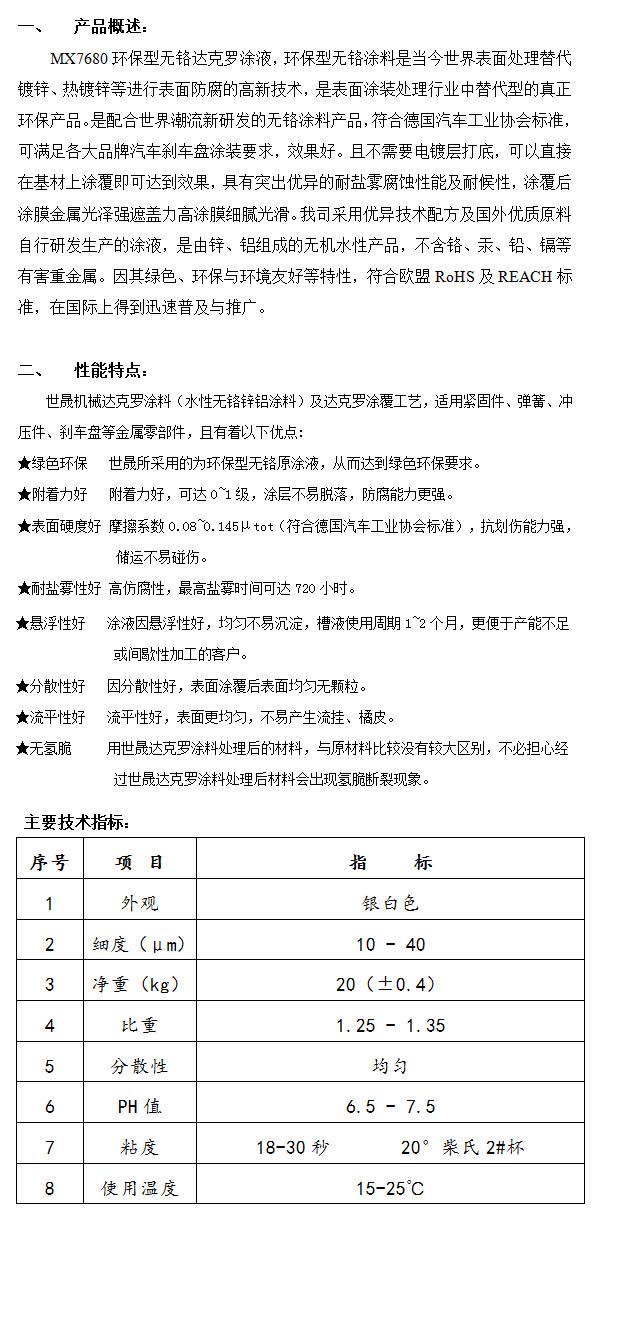 產(chǎn)品名稱:MX7680環(huán)保型無(wú)鉻達(dá)克羅涂液
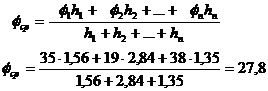 фундамента АБВГ. Определим усредненное значение угла внутреннего трения
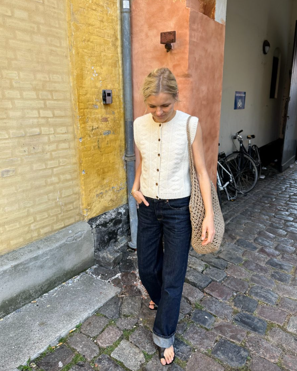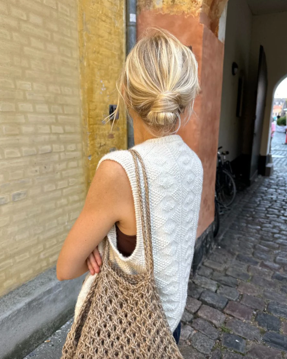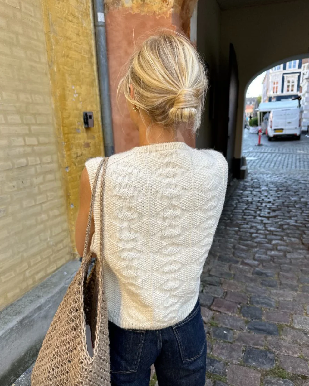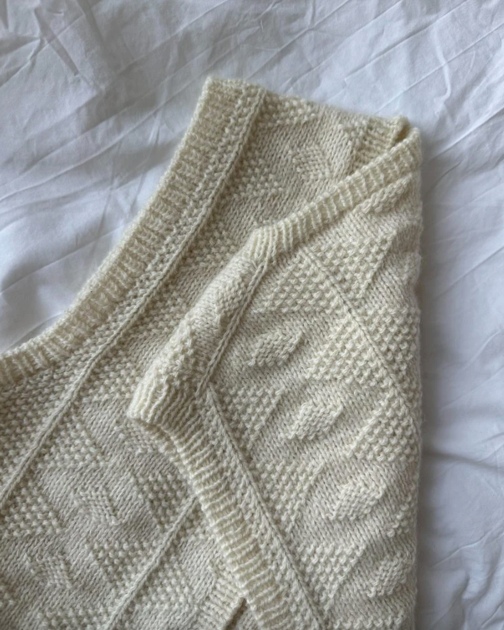 Den hvite Esther Vest er strikket i Jensen Yarn fra Isager i farge 0 sammen med Spinni fra Isager i farge 0.
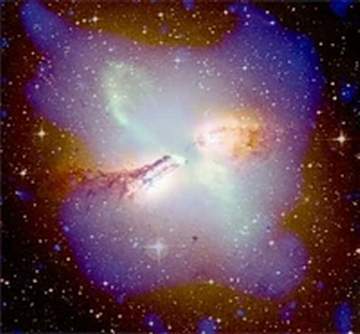 半人马星座A的巨大弧形气体结构不是别的而是直径为2.5万光年圆环的一部分,这一结论是哈佛-史密森天体物理研究所科学家在对“钱德拉X射线望远镜”拍摄的照片进行分析之后作出的。科学家认为,圆环所在位置及其大小说明约1000万年前发生在该处的一次巨大*。由可见光(橙*)、X射线(蓝色)和射电(红色和绿色)波段照片合成的图像,反映出半人马星座非同寻常的急风暴雨性质。一条尘埃和冷气宽带与相反方向的一高能粒子流交叉成一定角度,高能粒子流是从一巨型黑洞的腹腔中喷出。两条炽热气体弧形物位于与粒子流垂直的平面中,炽热气体弧形物具有X射线特性。

···

*WORK TO COMPLETE:*
Copy nothing but the lines from the first one in the listing through the line with "Den hvite Esther", and omit the pictures.

*TASK RESULT:*
 產(chǎn)品名稱:MX7680環(huán)保型無(wú)鉻達(dá)克羅涂液
 фундамента АБВГ. Определим усредненное значение угла внутреннего трения
 Den hvite Esther Vest er strikket i Jensen Yarn fra Isager i farge 0 sammen med Spinni fra Isager i farge 0.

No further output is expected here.